Eleventh Day of the Second Month 294 AC

Nuri shivered against a chill she should not have been able to feel. Like many things in her life she had tested it out and discovered that there were few things short of frost magic that could make her feel truly cold, and she had flown high and dived deep. Yet it was here she drew her cloak closer against the night, the humid air tickling at her nostrils with the familiar scents of wood-smoke, offal and something else she could not quite put her finger on. Perhaps some spice the traders carried with them that she had not known even in Yin.

And this is an 'honorable' trading guild, she snorted inwardly at her own rationalizations. For all Nuri disliked the notion of feeling fear she could not deny that there was something about this whole damn city that set her hackles up. Maybe it was just that she was a being of the Spheres and this was something from Beyond, maybe it was working with a sellsword who had been hired on in lieu of staying a corpse in place of a proper Companion.

The knock on the door sounded unnaturally loud for all she was the one making it

A shaven-haired man wearing the sort of elaborate robe that made Nuri wonder how anyone even walked in them, never mind why they would want to, answered the door, his tongue dripping with honey, his eyes hard as pebbles under swift dark waters.

***​

"I have an interest in slaves. Young slaves such as you sell, the more unique the better," she began lounging on the divan in a decent imitation of Azema trying draw the eye and lull the minds of fools. She took a long sip from the cup at her side. The tea was decent if bland while rice cakes were so sweet she had briefly suspected them of hiding poison.

"I hope there is no trouble paying in bullion, three parts in a hundred over the market rate," the young inquisitor said from her left, her stiff posture and clipped tone a deliberate contrast to Nuri's own manner. The sort of person who was in a subservient position to the kind of trader Nuri was pretending to be would not be too comfortable, and of course being willing to pay in unmarked gold at a premium should mark them as coming from very far away indeed.

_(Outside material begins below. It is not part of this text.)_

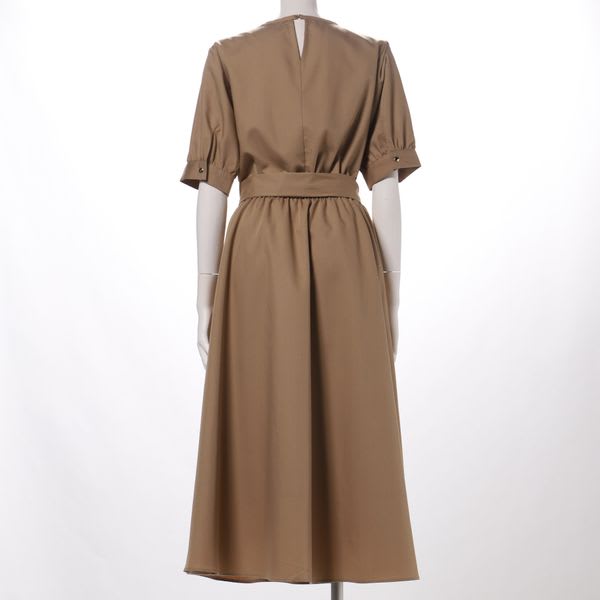 ゴールドのDカンベルト付きのワンピース。ハンドバッグとラウンドパンプスを合わせて女性らしいスタイルに、キャンバストートバッグとスニーカーを合わせてカジュアルスタイルもおすすめです!
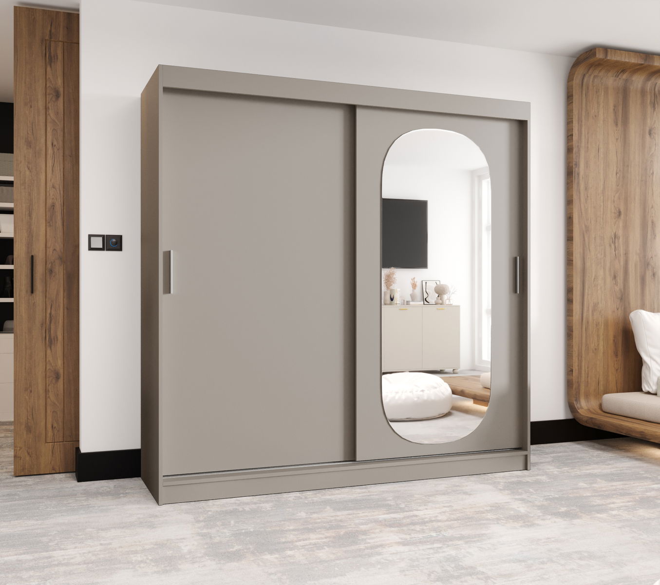 ZobraziťŠatníková skriňa s posuvnými dverami a zrkadlom Ronny je vyrobená v modernom, no zároveň nadčasovom štýle. K dispozícii v štyroch farbách a šiestich rôznych veľkostiach.

Their host did not look impressed, if anything he looked distracted, like they were holding him up from dinner. "Payment in gold is acceptable, though if you wish to set up a breeding farm I caution in being careful who you staff it with. There are still all manner of subversive elements looking to set up in isolated places."

"Securing the site is not a concern," Nuri glanced towards her guard. To his credit the former sellsword knew how to scowl and look menacing without calling undue attention to himself. Then again, he probably had not always been a commander.

"While I do not doubt the competence of so well-guarded an individual in all regards, I feel I must insist on knowing just where you hail from before addressing the matter of more unique specimens."

What the Hells did he...? Had the bastard tried to read their minds and hit the wards? Nuri had to remind herself firmly that it was not yet time to set the whole wretched place on fire. One more confirmation of Far Realm incursion she supposed, since those powers were particularly adept at the reading of minds.

Still, since he had distrusted her enough to try to probe her mind that meant she would need a more detailed story, perhaps more detailed than was worth coming up with on the spot. She could just show her very real offense and pretend to take her business elsewhere.

What doe Nuri do?

[] 'Relent' and explain precisely who she works for
-[] A Rakshasa researcher with an interest in soul lore
-[] An Efreeti lord with particular taste in 'pets'
-[] A Shaitan lord slave trader

[] Storm out and hope Xor and Kira are having better luck

[] Write in


OOC: It's been a while since I ran a full social challenge, unfortunately for her Nuri is not exactly a social focused build, more of an all rounder, and the rolls did not fall in her favor.